The early spring sunshine coddled Laurelyn Dossett, citizen of the Triad, as she sat in repose on a downtown Greensboro bench, striking highlights in her long, blonde hair strong enough to cast a glare.
Last night she sat in at Lucky 32 in Greensboro with Rhiannon Giddens, who provides the lilting voice, learned strings and plucky banjo for the Grammy-winning Carolina Chocolate Drops. Later today she’ll be working on Triad Stage’s Brother Wolf with collaborator Preston Lane. And then this weekend they’ll bring the musical, which they wrote together for a Greensboro production eight years ago, to the Hanesbrands Theatre in Winston-Salem for a reprise.
These are the kinds of collaborations that develop when people with talent decide to stick around awhile.
“We’ve done five plays together,” she says of Lane, “and it’s great that they’ve done well, but it’s more important that we just got to do them.”
It’s a new space, and the show will have new costumes, a new set, new actors. In many ways, it’s an entirely new production.
“There’s different things that the space brings out,” Dossett says. “It’s so much bigger, so there’s more traveling time as you walk across the stage. Different lighting and acoustics. A lot of [the differences] we won’t know until we get in the space.”
It’s a loose, Appalachian retelling of the story of Beowulf, which Dossett says she still hasn’t read in its entirety, with the kind of old-time music for which she has become known, first in her time with Polecat Creek but now a much broader audience.
Case in point: She’ll be making the trek all the way from Greensboro to Winston-Salem for this one, which runs through May 25. To hear some say it, that short stretch of Business 40 between the cities is insurmountable.

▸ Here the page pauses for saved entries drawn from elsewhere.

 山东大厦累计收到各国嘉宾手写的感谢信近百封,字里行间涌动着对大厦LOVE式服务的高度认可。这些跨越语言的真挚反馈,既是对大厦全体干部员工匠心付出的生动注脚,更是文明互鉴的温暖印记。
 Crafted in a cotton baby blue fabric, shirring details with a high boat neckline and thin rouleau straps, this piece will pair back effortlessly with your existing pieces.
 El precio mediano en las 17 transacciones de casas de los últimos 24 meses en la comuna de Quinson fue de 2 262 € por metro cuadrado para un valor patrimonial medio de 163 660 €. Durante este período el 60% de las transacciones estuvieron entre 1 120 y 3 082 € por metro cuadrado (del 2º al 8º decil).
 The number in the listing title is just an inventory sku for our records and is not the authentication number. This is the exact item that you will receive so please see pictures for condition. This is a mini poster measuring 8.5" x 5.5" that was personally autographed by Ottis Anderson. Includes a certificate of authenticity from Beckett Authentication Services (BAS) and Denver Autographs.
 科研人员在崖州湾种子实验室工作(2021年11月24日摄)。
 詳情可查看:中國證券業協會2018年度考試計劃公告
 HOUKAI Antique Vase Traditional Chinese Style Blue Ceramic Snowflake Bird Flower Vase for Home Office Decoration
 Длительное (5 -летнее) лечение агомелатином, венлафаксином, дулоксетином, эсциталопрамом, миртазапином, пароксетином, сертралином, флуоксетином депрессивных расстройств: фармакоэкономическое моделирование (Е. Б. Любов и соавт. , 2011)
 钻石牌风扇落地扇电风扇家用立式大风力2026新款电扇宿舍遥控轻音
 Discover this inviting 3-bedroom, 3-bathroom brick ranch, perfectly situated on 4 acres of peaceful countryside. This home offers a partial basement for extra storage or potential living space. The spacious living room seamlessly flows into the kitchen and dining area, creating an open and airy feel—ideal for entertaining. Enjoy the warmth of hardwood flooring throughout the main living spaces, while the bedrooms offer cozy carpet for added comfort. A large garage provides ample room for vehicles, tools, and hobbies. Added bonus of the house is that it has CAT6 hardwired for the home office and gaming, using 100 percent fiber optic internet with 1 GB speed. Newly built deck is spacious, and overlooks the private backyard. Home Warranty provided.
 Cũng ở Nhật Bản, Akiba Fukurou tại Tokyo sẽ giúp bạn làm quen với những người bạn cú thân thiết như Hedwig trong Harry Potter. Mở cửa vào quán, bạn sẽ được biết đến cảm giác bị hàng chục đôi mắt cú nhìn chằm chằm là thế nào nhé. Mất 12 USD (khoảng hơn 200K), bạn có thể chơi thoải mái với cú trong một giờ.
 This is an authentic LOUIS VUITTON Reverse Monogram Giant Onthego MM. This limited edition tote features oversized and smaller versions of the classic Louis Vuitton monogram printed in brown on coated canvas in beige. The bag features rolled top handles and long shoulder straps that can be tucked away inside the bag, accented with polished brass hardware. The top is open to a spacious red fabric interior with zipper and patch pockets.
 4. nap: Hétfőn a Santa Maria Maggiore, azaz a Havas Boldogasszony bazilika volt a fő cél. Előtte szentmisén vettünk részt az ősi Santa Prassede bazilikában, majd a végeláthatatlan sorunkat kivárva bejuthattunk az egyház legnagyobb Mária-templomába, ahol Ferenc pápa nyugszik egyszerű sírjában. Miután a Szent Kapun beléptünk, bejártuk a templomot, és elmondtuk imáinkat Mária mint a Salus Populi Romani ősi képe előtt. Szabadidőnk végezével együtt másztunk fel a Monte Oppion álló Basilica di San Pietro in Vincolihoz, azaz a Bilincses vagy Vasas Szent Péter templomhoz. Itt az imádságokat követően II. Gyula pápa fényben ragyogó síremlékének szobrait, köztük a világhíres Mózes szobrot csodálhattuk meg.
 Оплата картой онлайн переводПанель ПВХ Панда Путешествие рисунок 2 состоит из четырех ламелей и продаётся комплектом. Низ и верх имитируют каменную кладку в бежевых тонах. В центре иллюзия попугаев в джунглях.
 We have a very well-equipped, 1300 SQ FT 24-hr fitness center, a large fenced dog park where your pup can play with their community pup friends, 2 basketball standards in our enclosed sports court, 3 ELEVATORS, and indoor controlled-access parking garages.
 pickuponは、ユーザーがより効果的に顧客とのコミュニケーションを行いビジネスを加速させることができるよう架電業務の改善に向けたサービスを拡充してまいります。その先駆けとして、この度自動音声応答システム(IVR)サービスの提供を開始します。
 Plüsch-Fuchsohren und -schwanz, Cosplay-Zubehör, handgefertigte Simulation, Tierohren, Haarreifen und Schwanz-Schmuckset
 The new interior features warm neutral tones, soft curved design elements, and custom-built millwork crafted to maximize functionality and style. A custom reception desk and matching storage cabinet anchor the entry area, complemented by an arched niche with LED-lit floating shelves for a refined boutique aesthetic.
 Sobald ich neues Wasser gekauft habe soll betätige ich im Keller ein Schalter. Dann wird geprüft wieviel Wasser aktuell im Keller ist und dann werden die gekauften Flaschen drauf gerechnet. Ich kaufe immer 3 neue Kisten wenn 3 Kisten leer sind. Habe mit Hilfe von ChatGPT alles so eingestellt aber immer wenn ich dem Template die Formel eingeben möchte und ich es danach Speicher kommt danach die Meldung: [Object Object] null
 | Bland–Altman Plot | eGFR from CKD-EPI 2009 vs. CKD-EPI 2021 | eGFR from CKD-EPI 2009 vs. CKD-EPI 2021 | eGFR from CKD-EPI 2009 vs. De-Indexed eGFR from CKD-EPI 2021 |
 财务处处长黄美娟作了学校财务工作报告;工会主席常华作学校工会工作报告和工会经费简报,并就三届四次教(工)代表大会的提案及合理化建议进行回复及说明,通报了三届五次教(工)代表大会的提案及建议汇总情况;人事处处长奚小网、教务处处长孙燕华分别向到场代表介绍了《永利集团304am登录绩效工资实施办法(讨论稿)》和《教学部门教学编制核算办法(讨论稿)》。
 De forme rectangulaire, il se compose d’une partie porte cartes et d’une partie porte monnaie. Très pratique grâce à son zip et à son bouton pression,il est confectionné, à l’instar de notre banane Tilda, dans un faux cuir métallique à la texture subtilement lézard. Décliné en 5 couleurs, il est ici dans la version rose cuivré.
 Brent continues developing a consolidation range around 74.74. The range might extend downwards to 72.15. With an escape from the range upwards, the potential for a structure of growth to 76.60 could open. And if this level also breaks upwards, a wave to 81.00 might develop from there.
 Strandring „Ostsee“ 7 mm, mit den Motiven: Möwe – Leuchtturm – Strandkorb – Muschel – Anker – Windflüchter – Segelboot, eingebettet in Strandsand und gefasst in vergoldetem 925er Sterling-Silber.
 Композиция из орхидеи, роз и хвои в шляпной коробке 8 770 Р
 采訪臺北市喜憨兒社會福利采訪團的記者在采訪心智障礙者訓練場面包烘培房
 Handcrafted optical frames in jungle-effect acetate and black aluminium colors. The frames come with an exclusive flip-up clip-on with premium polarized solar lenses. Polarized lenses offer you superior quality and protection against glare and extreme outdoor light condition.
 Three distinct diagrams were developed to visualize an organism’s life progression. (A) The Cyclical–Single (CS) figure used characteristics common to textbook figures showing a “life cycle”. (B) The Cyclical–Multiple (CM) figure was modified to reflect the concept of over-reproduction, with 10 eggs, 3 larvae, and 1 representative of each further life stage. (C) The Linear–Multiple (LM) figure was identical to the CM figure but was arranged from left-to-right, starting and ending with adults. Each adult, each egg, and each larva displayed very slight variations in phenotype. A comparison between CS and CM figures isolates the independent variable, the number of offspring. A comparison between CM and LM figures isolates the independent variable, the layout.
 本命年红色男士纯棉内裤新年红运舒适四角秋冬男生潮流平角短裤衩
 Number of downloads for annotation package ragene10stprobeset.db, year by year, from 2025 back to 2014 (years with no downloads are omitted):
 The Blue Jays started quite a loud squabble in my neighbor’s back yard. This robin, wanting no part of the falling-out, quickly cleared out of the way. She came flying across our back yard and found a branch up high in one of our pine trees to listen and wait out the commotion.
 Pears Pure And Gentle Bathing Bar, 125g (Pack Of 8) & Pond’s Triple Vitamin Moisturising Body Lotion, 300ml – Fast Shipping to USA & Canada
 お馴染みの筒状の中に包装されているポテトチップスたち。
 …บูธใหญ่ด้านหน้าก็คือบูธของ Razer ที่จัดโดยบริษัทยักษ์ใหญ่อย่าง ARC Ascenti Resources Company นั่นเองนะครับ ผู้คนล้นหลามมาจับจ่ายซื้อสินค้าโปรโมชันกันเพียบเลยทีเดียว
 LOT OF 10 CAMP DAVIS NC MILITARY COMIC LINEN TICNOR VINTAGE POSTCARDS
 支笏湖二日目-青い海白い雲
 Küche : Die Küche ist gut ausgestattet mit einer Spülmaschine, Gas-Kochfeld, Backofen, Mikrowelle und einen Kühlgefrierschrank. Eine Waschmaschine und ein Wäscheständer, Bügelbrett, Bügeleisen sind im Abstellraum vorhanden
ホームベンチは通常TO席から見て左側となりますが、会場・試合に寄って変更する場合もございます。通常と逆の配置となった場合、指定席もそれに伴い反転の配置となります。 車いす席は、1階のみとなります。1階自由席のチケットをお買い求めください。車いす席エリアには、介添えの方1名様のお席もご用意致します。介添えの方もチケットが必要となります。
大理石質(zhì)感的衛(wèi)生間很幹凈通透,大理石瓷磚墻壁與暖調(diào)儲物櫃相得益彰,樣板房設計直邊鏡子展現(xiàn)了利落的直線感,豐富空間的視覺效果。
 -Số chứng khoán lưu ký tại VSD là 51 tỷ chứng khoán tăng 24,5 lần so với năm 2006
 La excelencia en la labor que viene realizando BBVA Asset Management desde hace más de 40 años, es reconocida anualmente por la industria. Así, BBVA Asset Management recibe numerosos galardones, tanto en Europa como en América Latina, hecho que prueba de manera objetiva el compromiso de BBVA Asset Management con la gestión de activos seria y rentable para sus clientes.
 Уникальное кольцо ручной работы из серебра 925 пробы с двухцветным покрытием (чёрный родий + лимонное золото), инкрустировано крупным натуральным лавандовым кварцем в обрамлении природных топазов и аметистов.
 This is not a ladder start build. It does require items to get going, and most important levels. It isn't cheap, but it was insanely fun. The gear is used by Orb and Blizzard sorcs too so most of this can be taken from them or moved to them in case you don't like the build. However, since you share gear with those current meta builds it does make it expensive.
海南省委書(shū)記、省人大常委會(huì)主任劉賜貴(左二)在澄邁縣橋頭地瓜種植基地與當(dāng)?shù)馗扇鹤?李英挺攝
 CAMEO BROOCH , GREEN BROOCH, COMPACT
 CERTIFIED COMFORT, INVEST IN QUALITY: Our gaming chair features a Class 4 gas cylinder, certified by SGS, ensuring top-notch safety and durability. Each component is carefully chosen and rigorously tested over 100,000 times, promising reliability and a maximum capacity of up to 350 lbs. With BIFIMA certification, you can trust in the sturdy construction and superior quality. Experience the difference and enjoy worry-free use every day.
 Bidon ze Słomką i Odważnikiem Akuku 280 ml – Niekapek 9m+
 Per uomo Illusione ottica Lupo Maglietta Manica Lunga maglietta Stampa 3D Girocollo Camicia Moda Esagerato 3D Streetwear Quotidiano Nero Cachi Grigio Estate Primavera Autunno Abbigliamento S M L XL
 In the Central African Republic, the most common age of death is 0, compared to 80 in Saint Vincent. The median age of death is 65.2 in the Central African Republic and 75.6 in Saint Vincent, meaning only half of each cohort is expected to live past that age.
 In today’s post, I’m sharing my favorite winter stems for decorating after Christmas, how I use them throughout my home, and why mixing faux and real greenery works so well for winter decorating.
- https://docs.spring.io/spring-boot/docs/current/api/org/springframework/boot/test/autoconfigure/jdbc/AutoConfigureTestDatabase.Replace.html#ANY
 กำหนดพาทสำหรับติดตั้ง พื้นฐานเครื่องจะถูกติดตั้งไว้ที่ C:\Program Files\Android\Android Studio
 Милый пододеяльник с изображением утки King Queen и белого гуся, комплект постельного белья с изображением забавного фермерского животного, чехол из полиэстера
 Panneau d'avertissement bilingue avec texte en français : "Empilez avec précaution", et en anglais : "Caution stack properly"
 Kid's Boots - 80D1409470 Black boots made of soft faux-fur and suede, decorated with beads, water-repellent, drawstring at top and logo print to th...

“I would like to think that this work will bridge that gap,” she says. “The play is so regional, and because Winston-Salem is that much more in the foothills — it has a westward orientation — there’s that much more association with Appalachia.”
A cold wind comes through the plaza, wiping away the heat of the sun. That’s her cue. Preston Lane — and the theatergoing audiences of Winston-Salem — await.